■ Problem description
Copy nothing but the lines below running from the line containing "- 4번으로 가서 5번클릭, 6번으로" through the line containing "Scene 9 : Entering", both end lines included.
━━━ Available data ━━━
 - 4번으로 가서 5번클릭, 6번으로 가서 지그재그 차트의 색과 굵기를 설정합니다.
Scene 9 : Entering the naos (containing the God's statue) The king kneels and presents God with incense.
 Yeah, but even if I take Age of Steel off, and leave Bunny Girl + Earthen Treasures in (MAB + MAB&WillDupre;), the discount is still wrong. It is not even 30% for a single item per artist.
━━━
━━━ Available data ━━━
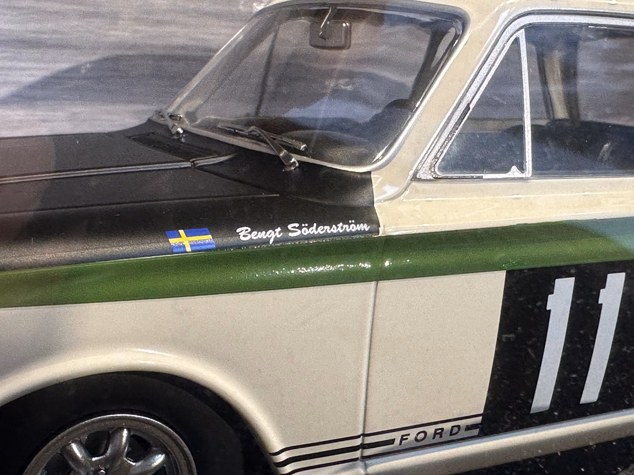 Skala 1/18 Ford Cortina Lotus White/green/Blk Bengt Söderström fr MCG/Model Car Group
━━━
■ Answer space
 - 4번으로 가서 5번클릭, 6번으로 가서 지그재그 차트의 색과 굵기를 설정합니다.
Scene 9 : Entering the naos (containing the God's statue) The king kneels and presents God with incense.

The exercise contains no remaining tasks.